Device for medium separation

Abstract

A device for medium separation, in particular for separation of gases, such as air, from a fluid, such as oil, has a separating device (22) accommodated in a housing (1). When the medium is received via an inlet point (24) of the housing (1), this medium is rotated for the separation. The housing (1) has at least one outlet point (26) for gas and at least one outlet point (16) for fluid, which outlet points are separated from one another. A filter device (40) is in the housing for the separation of particulate contamination and is arranged after the separating device (22) in the direction of flow of the fluid.

Description

FIELD OF THE INVENTION

The invention relates to a device for medium separation, in particular for separation of gases, such as air, from a fluid or liquid, such as oil, by a separating device, which is accommodated in a housing and which, when the medium is received via an inlet point of the housing, sets this medium in rotation for the purpose of realizing the separation. The housing has at least one outlet point for gas and at least one outlet point for fluid. The outlet points are separated from one another. A filter device is arranged in the housing for the separation of particulate contamination.

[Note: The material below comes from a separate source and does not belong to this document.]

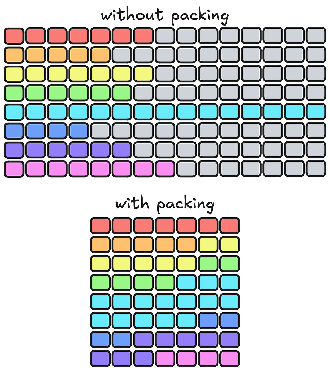 Padding Token은 입력 시퀸스의 길이를 맞추기 위해 추가되는 특수 토큰이다. 트랜스포머 모델은 병렬적으로 모든 토큰을 처리하기 때문에, 입력 시퀸스의 길이가 동일해야한다. 이에 가장 많이 사용되지만, 메모리와 계산량 측면에서 상당한 낭비를 초래한다. 이에 최근에는 Packing으로 시퀸스의 활용도를 극대화하고, 계산 비용을 최소화할 수 있는 Packing이 제안되였다. 하지만, 종종 Packing을 기반으로 파인튜닝하는 게시물 혹은 영상물을 여럿 찾아볼 수 있지만, 이에 대한 성능의 효율성을 보여주는 것이 대부분이다. 구체적으로 패킹이 파인튜닝하는 과정에서 내부적으로 어떻게 작동하는지에 대해서는 설명하지 않는다. 따라서, 본 게시물에서는 Padding과 Packing를 SFT 기반으로 파인튜닝하는 것에 대해 다루고, 차이점을 구체적으로 살펴보고자 한다.

BACKGROUND OF THE INVENTION

Such separating devices advantageously permit releasing media, such as fluids, which have a high foam content, for example in the form of foaming hydraulic oil, from the gas content in the form of air. These devices have applications in particular in hydraulic circuits, in which high quantities of air make it into the fluid circuit, as frequently occurs in the case of transmission components of wind turbines for example. Due to the separation of particulate contamination, which is realized in addition to the air separation, the use of such devices in hydraulic circuits not only has an impact on the damaging effects of cavitation, but also reduces the risk of operational interruptions due to wear.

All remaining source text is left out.